The last section, options ndots:5, tells the resolver that any hostname with fewer than 5 dots should be treated as non-fully-qualified and should have the search domains appended. My query amplification occurred because applications weren’t using fully qualified domain names (FQDNs with a . at the end). Without this, the resolver would try each search domain from /etc/resolv.conf in order, appending them to the hostname.

  1. app-namespace.svc.cluster.local
  2. svc.cluster.local
  3. cluster.local
  4. us-east-2.compute.internal

This makes a query for ip-10-0-1-10.us-east-2.compute.internal resolve to 5 queries (4 search domains + 1 as-is):

  1. ip-10-0-1-10.us-east-2.compute.internal.app-namespace.svc.cluster.local
  2. ip-10-0-1-10.us-east-2.compute.internal.svc.cluster.local
  3. ip-10-0-1-10.us-east-2.compute.internal.cluster.local
  4. ip-10-0-1-10.us-east-2.compute.internal.us-east-2.compute.internal
  5. ip-10-0-1-10.us-east-2.compute.internal

Validating cache hits Link to heading

My initial tcpdump was for all port 53 traffic, but the link local traffic was only the non-cached hits. For those, I needed to filter for the source IP of the CoreDNS pod and the destination IP of the VPC DNS resolver.

# CoreDNS upstream queries to VPC DNS (10.10.0.2)
$ tcpdump -r dns-capture.pcap -nn \
    'src host 10.1.2.3 and dst host 10.10.0.2 and dst port 53' \
    -v 2>/dev/null | wc -l

This output was heavily dominated by the long tail of hostname-like queries, which were not cached by CoreDNS.

The source of the traffic Link to heading

I printed out a tcpdump capture and greped for some of the hostnames.

tcpdump -r /var/tmp/i-012a34e5678a32dcc.2025-08-01:02:47:53.pcap00 -nn -v 2>/dev/null | \
  grep "compute.internal" | head -10

02:47:53.589855 IP 10.1.0.1.51749 > 10.1.2.3.53: 
  7274+ A? ip-10-1-0-1.us-east-2.compute.internal.us-east-2.compute.internal. (88)
02:47:53.589988 IP 10.1.2.3.54708 > 10.10.0.2.53: 
  20127+ AAAA? ip-10-1-0-1.us-east-2.compute.internal.us-east-2.compute.internal. (88)
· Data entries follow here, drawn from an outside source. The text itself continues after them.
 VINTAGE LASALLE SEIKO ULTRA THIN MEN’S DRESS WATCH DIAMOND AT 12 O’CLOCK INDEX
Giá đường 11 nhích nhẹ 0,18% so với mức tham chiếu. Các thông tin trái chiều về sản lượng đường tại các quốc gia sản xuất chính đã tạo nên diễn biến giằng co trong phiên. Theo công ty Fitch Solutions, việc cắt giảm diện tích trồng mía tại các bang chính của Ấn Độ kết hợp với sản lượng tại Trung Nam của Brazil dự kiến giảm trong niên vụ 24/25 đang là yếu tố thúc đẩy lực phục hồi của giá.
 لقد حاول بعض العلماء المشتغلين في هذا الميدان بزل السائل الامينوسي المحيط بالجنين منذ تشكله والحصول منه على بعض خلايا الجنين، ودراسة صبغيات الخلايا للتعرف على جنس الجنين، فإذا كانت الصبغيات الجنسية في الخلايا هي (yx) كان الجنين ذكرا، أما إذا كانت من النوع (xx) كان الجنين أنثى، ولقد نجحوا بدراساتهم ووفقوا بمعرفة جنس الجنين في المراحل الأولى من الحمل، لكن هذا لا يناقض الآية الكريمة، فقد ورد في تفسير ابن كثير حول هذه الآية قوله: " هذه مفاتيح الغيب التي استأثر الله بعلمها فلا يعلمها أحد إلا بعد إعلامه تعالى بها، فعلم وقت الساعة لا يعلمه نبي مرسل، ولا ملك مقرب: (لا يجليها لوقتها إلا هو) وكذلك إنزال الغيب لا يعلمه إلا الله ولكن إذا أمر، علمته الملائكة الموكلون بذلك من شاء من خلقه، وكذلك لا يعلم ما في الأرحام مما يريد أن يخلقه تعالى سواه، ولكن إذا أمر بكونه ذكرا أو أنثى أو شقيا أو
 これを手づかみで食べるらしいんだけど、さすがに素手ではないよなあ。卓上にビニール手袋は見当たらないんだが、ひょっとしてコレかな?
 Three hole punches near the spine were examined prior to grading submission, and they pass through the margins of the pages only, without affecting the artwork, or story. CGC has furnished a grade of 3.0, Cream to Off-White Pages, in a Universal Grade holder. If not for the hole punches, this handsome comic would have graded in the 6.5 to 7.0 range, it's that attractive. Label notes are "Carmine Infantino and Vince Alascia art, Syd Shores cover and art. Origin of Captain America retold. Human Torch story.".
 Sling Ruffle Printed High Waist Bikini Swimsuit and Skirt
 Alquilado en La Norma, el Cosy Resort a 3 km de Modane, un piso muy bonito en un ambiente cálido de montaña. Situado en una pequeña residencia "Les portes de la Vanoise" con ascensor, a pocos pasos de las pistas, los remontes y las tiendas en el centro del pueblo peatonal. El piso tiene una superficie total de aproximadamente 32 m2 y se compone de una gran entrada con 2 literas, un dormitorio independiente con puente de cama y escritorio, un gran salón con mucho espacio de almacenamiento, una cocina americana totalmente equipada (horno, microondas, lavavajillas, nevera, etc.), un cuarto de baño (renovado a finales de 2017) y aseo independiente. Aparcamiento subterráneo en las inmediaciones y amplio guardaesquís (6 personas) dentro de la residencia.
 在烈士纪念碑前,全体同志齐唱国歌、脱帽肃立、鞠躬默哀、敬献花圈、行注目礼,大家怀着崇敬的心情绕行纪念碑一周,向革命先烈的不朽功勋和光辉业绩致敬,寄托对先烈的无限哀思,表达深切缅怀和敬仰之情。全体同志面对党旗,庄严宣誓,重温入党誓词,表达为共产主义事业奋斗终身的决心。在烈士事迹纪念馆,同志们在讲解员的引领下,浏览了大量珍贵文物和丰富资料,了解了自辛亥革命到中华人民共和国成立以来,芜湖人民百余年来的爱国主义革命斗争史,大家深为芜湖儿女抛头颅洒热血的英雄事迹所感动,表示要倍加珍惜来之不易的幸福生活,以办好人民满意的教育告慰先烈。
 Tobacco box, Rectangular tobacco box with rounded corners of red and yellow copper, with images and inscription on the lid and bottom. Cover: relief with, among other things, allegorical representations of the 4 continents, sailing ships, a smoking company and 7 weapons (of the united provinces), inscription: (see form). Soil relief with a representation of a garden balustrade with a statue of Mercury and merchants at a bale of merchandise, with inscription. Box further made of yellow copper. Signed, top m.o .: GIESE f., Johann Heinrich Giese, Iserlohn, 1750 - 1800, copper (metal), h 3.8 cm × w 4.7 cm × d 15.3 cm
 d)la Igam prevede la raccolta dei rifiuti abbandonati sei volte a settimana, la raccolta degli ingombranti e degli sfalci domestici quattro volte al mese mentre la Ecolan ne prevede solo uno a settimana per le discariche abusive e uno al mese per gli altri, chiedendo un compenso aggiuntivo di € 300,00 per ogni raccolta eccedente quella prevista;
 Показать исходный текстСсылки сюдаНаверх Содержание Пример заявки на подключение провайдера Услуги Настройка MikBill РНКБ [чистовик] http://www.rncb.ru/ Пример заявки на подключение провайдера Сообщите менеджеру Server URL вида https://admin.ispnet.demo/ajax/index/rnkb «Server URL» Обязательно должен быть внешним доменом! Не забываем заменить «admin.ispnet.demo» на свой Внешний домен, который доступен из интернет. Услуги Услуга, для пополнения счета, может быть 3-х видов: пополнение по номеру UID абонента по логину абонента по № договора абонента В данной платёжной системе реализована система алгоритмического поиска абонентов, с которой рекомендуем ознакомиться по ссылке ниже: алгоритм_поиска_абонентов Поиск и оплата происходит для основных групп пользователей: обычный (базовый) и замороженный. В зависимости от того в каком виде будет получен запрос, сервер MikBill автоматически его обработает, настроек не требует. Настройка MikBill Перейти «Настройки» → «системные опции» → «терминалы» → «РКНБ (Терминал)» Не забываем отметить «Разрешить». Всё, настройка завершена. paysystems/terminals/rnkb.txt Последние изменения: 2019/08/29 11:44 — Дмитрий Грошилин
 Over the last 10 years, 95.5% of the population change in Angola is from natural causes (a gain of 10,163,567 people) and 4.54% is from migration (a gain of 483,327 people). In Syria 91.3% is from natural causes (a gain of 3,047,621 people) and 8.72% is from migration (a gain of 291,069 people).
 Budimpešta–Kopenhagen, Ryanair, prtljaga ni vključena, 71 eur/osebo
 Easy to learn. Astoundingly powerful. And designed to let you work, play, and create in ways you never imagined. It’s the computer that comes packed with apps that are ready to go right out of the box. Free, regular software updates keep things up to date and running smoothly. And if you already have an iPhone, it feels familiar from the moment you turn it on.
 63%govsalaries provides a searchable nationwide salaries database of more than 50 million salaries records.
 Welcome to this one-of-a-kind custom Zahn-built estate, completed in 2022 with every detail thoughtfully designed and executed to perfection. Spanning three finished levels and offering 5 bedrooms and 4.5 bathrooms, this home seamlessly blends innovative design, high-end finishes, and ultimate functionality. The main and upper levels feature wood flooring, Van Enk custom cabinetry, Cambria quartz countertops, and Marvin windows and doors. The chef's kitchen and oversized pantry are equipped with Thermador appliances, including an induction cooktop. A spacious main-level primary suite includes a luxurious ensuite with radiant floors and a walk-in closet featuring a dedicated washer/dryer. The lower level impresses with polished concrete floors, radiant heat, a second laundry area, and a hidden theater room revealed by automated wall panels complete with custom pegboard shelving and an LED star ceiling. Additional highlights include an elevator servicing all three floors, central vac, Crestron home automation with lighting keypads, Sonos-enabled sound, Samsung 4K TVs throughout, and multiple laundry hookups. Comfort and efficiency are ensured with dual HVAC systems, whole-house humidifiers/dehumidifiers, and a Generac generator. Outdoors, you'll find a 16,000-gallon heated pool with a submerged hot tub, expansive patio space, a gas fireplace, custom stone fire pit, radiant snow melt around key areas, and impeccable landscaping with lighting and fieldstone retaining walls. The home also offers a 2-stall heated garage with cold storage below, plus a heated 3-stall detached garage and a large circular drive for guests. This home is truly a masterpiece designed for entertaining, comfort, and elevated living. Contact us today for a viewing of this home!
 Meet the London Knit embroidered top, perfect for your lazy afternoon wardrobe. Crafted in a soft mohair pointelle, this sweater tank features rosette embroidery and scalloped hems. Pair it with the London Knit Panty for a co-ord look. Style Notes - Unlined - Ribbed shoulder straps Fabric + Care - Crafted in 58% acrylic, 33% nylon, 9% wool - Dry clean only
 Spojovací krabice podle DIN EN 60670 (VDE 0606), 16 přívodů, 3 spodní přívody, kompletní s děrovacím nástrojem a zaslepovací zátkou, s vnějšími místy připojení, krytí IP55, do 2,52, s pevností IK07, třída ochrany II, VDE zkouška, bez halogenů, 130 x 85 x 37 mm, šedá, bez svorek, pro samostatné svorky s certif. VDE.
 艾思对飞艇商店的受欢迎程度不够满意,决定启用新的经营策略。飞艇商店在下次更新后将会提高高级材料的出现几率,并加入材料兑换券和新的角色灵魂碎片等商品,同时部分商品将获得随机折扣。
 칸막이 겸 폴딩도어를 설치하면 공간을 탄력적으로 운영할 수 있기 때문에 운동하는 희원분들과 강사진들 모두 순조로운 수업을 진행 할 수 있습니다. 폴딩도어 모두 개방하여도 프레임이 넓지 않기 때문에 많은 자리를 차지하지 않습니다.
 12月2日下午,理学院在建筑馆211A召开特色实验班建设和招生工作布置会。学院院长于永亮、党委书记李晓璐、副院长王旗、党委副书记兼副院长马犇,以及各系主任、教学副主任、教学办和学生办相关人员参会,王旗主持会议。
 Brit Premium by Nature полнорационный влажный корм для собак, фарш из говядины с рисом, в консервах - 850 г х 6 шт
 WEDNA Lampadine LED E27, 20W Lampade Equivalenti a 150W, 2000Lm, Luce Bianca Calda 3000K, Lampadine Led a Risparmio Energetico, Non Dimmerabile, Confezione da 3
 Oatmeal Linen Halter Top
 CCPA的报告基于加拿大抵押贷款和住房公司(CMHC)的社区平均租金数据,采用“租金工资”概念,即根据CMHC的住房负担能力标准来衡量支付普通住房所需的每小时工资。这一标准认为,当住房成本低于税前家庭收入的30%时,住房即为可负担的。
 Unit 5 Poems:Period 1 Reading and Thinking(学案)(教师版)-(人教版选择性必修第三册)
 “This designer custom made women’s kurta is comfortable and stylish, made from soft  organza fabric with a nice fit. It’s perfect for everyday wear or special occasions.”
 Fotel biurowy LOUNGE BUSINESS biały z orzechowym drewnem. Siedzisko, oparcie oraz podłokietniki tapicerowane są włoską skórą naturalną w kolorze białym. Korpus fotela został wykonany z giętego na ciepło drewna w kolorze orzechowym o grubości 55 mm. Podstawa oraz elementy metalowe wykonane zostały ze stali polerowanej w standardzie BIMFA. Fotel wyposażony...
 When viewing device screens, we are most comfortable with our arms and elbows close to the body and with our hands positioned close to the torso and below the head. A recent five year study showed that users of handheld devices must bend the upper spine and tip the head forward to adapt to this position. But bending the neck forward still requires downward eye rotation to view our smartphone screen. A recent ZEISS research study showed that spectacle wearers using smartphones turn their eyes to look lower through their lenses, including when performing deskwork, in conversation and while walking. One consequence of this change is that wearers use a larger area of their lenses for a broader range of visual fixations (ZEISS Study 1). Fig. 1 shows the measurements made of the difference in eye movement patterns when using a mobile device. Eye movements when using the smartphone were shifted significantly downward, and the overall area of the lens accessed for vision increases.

This is the two parts of a cache miss for DNS:

  1. The first query, 10.1.0.1.51749 > 10.1.2.3.53 is some pod asking to resolve its own hostname: ip-10-1-0-1.us-east-2.compute.internal.us-east-2.compute.internal.
  2. The second query 10.1.2.3.54708 > 10.10.0.2.53 is CoreDNS asking the VPC DNS resolver to resolve that hostname because it wasn’t cached.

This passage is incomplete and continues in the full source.